The amount of the fee is equal to the average number of lives covered under the plan for the plan year, times the applicable dollar amount ($1 for the plan year ending on or after October 1, 2012 and before October 1, 2013, and $2 thereafter). Self-funded plan sponsors can choose among any of three methods to calculate the average number of covered lives:

  1. Actual Count. The sponsor may calculate the average lives for the plan year by adding the covered lives (participants plus dependents) for each day of the plan year and dividing by the number of days in the plan year.
  2. Snapshot Count. The sponsor may instead add the total lives for one day in each quarter (or an equal number of days for each quarter), and divide by the number of days used (minimum of four). With this method, the plan sponsor may look to actual lives covered (employees, spouses and dependents), or it can add the number of individuals with self-only coverage, to the product of the number of participants with coverage other than self-only multiplied by 2.35.
    [(self-only) + (other than self-only x 2.35)] (The IRS determined that the average non-self-only election covers 2.35 participants.)
  3. Form 5500. Finally, the sponsor may look to the participants reported on the Form 5500. The Form 5500 does not report dependents though -- only employees. So, for plans with dependent coverage, the plan sponsor must add together the number of reported participants on the first and last day of the plan year (while this seems like over-counting, the regulations clarify that this inflated count is intended to reflect those dependents not reported on the Form). For plans without dependent coverage, the plan sponsor can simply add the two numbers, then divide by two.

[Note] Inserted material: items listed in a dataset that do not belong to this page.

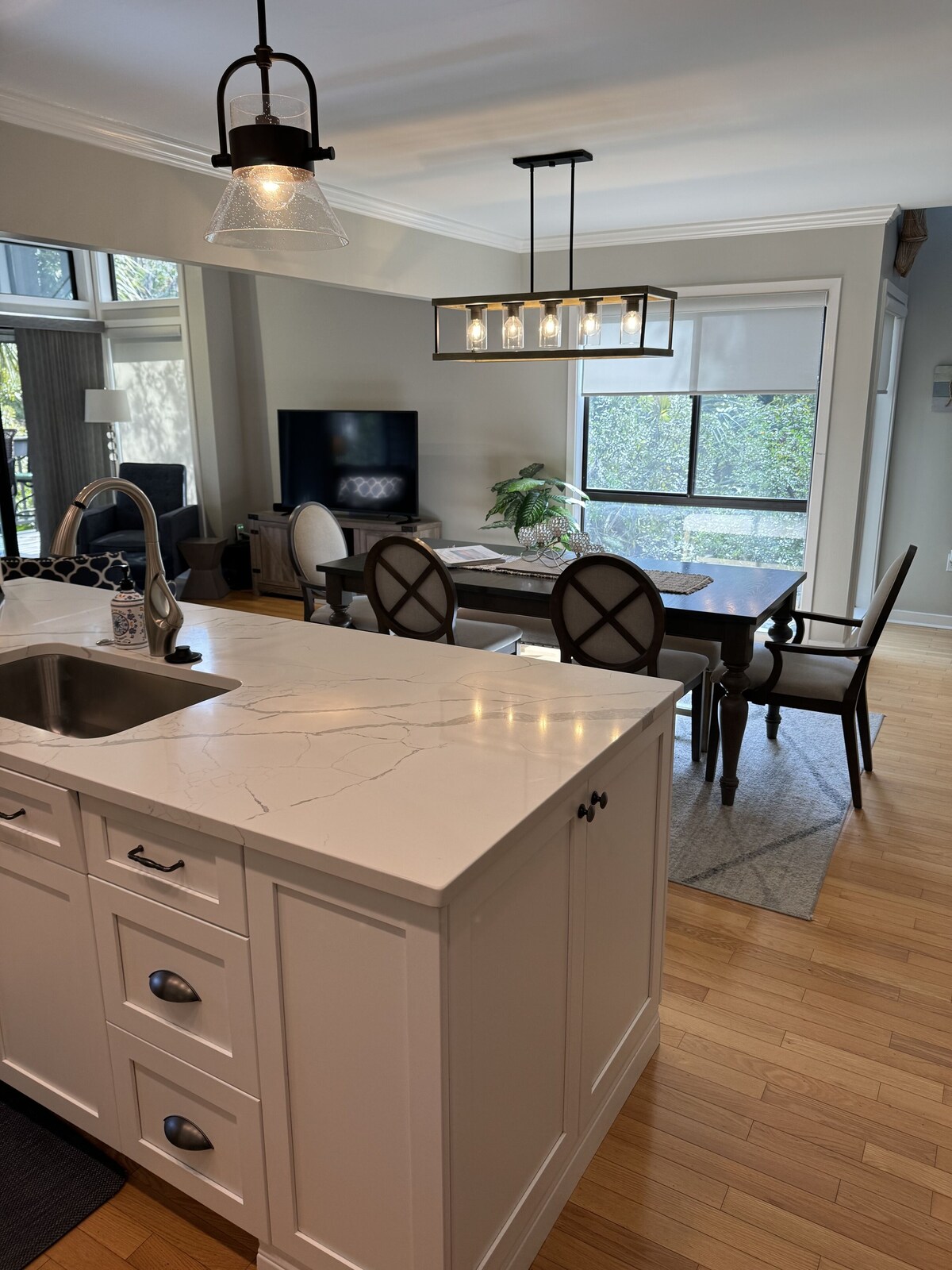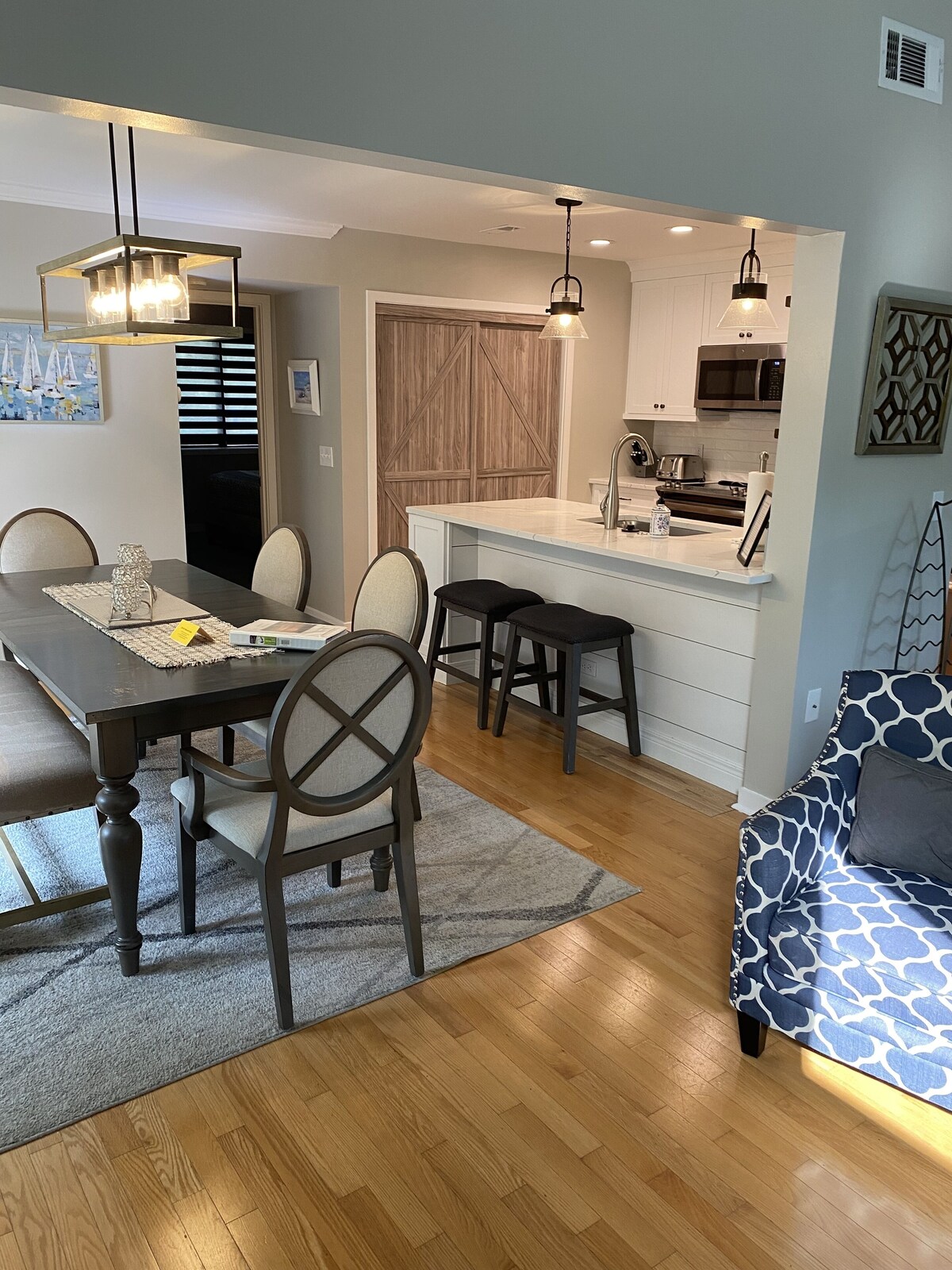 Stays that are 2 weeks or more …. ask about our specials for pickelball and tennis ! Quiet, tranquil, bright villa. The perfect getaway ! Whether your favorite way to relax is by spending time on a golf course, at the beach, sitting poolside or on a tennis court, the location of my 3 BR (2 private rooms plus a loft with a Murphy bed ),2 Bath villa is optimal for all of the above. An infant travel crib is located in the master bedroom closet. The deck overlooks the 10th fairway of the George Fazio course and a lagoon with water fountains . A short walk out the front door will find you at the Turnberry Village pool, and picnic area. Access to the beach or to the tennis courts by car in 2 minutes, by bike in 5 minutes and on foot in less than 15 minutes.(if walking around the golf course). Before and after golf course hours you can access the beach in less time via the cart path. The first floor of the villa contains a large open living room, spacious dining room, fully stocked kitchen,Master BR with a king-size bed, smart TV and full bath The second floor consists of a guest suite that has 2 full beds, large closet, smart TV, Walk in shower with large closets., small washer and dryer. The loft has a full size Murphy bed and large wrap around desk that over looks the golf course and water fountain for those eager to work at their stay. The living room has a 55\ s. A Bose 4 disc stereo system with jacks for auxiliary devices for a great sound!. Some of our favorite cd ,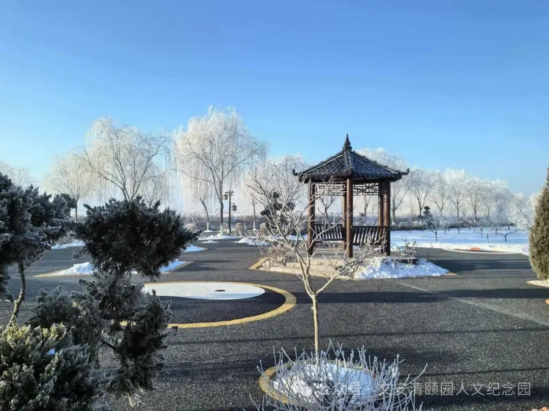 当朔风掠过园区的松柏,当霜华凝结成枝头的冰晶,冬日的陵园褪去了喧嚣,多了几分静谧与肃穆。寒雾轻笼着青石板路,两侧的常绿树依旧挺立,墨绿的枝叶间偶有残雪点缀,像一幅素净的水墨画,守护着这片安放思念的净土。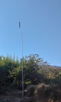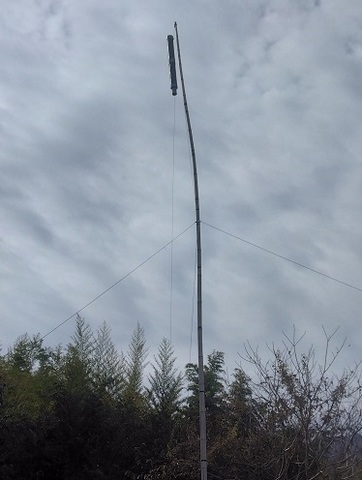 田んぼの真ん中にミニホイップを竹(約12m)先端に付けて建てました

The regulations contain a special rule for HRAs and FSAs. If a plan sponsor does not maintain another self-insured health plan, the plan sponsor may treat each FSA or HRA as covering a single covered life. If the plan sponsor maintains multiple arrangements, they may be treated as a single plan, as explained above.

Plan sponsors may only choose one counting method in any given plan year, but the sponsor can change methods from year to year. The IRS released the proposed regulations on the fee after the start of the first applicable plan year, meaning many sponsors may have missed the opportunity to capture the information necessary to use approach #1 or #2 above. To account for this, the IRS is allowing sponsors in this situation to use any reasonable counting method for the first plan year.

Paying the Fee

The tax is assessed on plan sponsors of self-funded plans. For most plans, this means the employer. For multiemployer plans, this means the joint board of trustees. The IRS declined to comment on whether the fee could be paid out of a trust (in the multiemployer context and for single employers maintaining a VEBA). Instead, the IRS deferred to the DOL, which is the agency responsible for issuing guidance relating to fiduciary standards and use of plan assets. The preamble to the regulations suggested the DOL will issue guidance in the near future.

Sponsors must pay the fee annually using IRS Form 720. (Despite the Form being entitled Quarterly Federal Excise Tax Return, a plan sponsor that files a Form 720 only to report the fee is not required to file a Form 720 at other times during the year.) The form and payment in full will be due by July 31 of each year, beginning July 31, 2013, for most plan sponsors.


* Benefits provided under health FSAs are excepted benefits if (i) there is other nonexcepted group health plan coverage available by reason of employment, and (ii) the maximum benefit payable to any participant for the year cannot exceed two times the employee’s salary reduction election under the health FSA for the year (or, if greater, the amount of the employee’s salary reduction election for the health FSA for the year, plus $500).